**Task requirements:** Every line from the one with "Description | A" up to and including the one with "Yimian Chunfeng (Wuxing" is to be output exactly as it appears below; pictures are not.

**Entries supplied:**
※ ※ ※

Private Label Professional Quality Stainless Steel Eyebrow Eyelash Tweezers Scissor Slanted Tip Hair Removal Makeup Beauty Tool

※ ※ ※

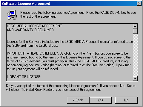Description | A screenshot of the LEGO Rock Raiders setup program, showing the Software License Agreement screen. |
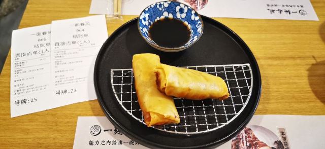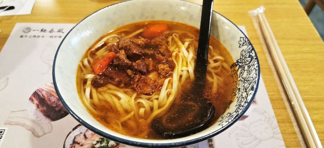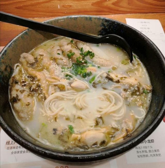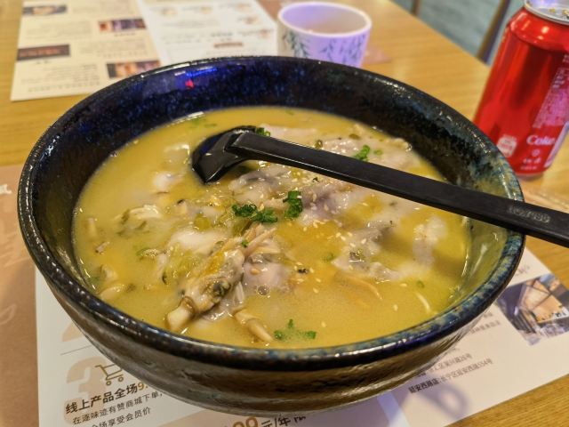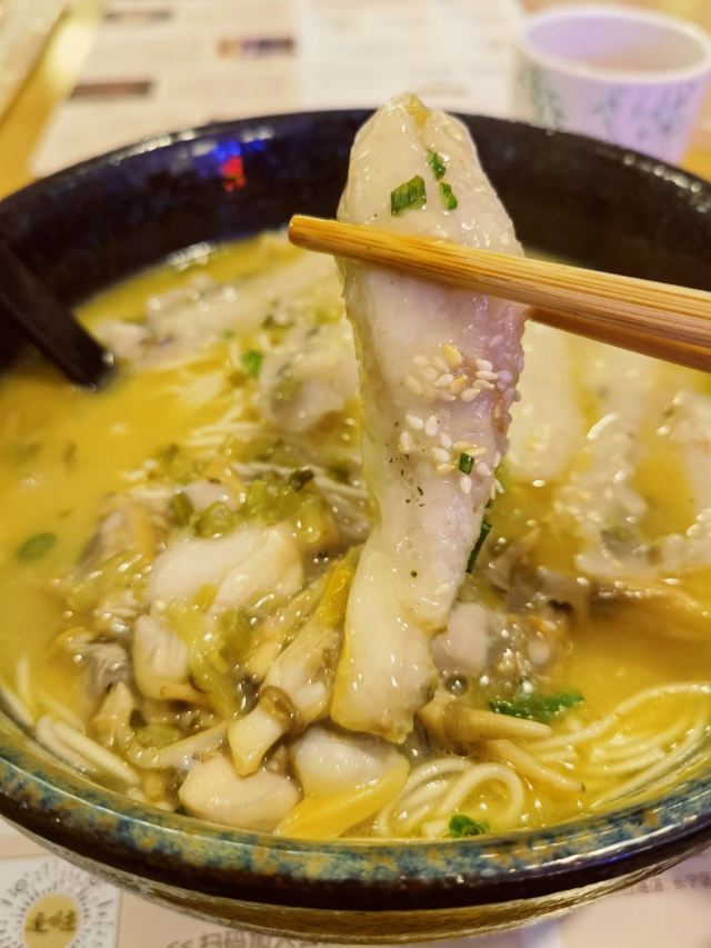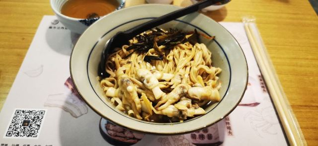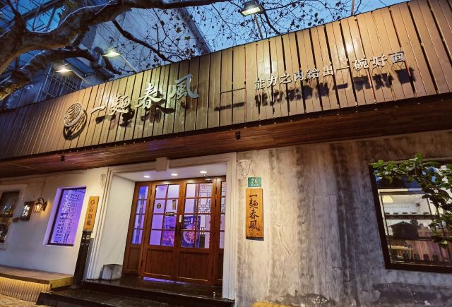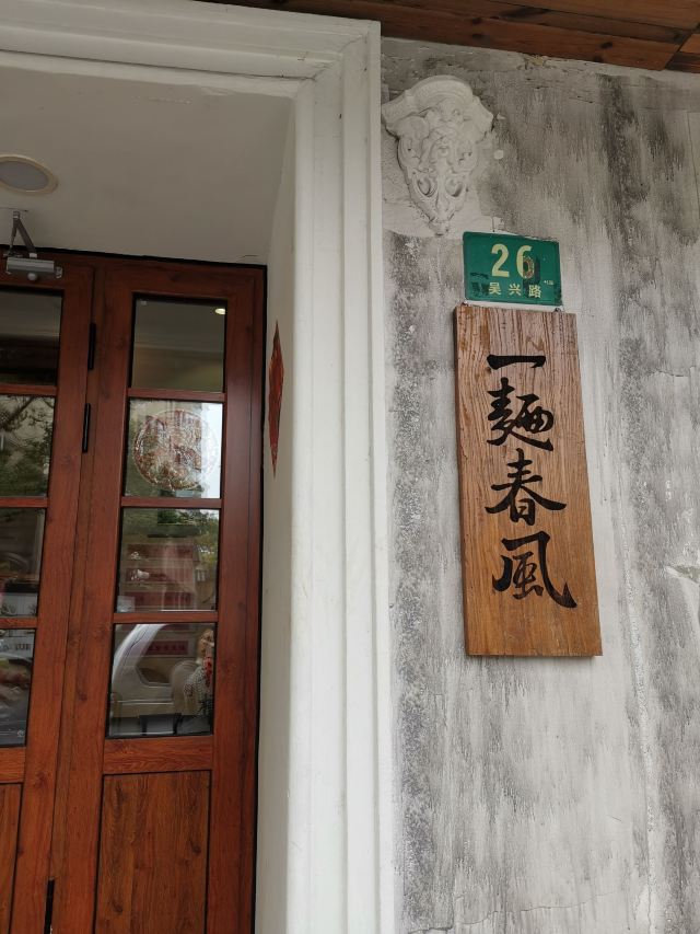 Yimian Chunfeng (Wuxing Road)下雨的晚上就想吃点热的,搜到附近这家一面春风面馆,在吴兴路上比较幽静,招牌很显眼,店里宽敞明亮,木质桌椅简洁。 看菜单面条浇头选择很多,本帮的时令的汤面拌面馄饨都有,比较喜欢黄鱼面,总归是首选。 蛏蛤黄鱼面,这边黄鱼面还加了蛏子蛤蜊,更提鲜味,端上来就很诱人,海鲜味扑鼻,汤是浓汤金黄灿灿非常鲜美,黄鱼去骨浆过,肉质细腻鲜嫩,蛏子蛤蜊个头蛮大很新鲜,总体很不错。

※ ※ ※

**Answer section:**
Description | A screenshot of the LEGO Rock Raiders setup program, showing the Software License Agreement screen. |
 Yimian Chunfeng (Wuxing Road)下雨的晚上就想吃点热的,搜到附近这家一面春风面馆,在吴兴路上比较幽静,招牌很显眼,店里宽敞明亮,木质桌椅简洁。 看菜单面条浇头选择很多,本帮的时令的汤面拌面馄饨都有,比较喜欢黄鱼面,总归是首选。 蛏蛤黄鱼面,这边黄鱼面还加了蛏子蛤蜊,更提鲜味,端上来就很诱人,海鲜味扑鼻,汤是浓汤金黄灿灿非常鲜美,黄鱼去骨浆过,肉质细腻鲜嫩,蛏子蛤蜊个头蛮大很新鲜,总体很不错。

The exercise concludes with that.